Southern Ports – Esperance has recorded its lowest ever dust exceedance as a result of new product handling technology and sealing port roads.
The port monitors for total suspended particulate dust for 24 hours every six days. These results showed only two exceedances which were predominantly attributed to non-prescribed activities such as grain handling and dust from traffic movements. Southern Ports – Esperance general manager Alan Byers said continuous monitoring for PM10 particles revealed no exceedances in acceptable dust levels. Dust from prescribed activities includes iron ore and bulk granular material. Mr Byers said the port would continue to upgrade facilities and work with port users with a goal of achieving no exceedances.
“These results are particularly important as monitoring had been increased in the lead up to, and immediately after, loading of new shipments using rotating container technology,” Mr Byers said. Monitoring for dust is conducted both inside the port boundary and in the Esperance community. Dust exceedance levels are determined by a licence granted to the port by the Department of Environment and Water and are reported to the department within seven days.

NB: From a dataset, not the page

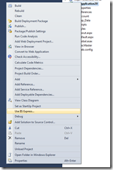For both WAP and Website projects which were using Cassini we have a very simply method for you to use IIS Express. You can just right click then select the context menu option “Use IIS Express”. Take a look at the screen shot that follows for that command.

“We increased our monitoring well above our normal requirements including using mobile monitoring stations and five stationary stations in the town. It is testament to our collaboration with our port users that dust has been kept to such low levels,” Mr Byers said. The technology was used for a copper and nickel shipment from Independent Group’s Nova project east of Fraser Range, the first time in some years the metals have been exported through Esperance.
“This is a fantastic result. We have implemented new technology including rotating containers which empty product inside the hold of the ships, and we also use misting machinery which reduces any potential dust spread. Particularly with these new shipments, we took our time and loaded the ships very steadily to ensure dust was absolutely controlled and these results are testament both to our ship loading technology and the careful monitoring of our environment team,” Mr Byers said.
Product handling was conducted under a stevedoring licence to QUBE.
“Trade has changed dramatically from what was a traditional agriculture base 15 years ago of fertiliser and fuel imports and grain exports to now being a major commodities exporter with iron ore making up a major export, plus growing areas like nickel, copper and spodumene,” Mr Byers said.
“There is increasing cost pressures being experienced by port users in relation to supply chains which makes service providers like Qube an attractive option.”
Mr Byers told staff in an internal memo last month that its current Enterprise Agreement was not competitive enough to win these stevedoring licenses. “We now face a reality at Southern Ports – Esperance that we do not physically have enough work to support the current stevedoring workforce under the terms and conditions of the current EA,” he said.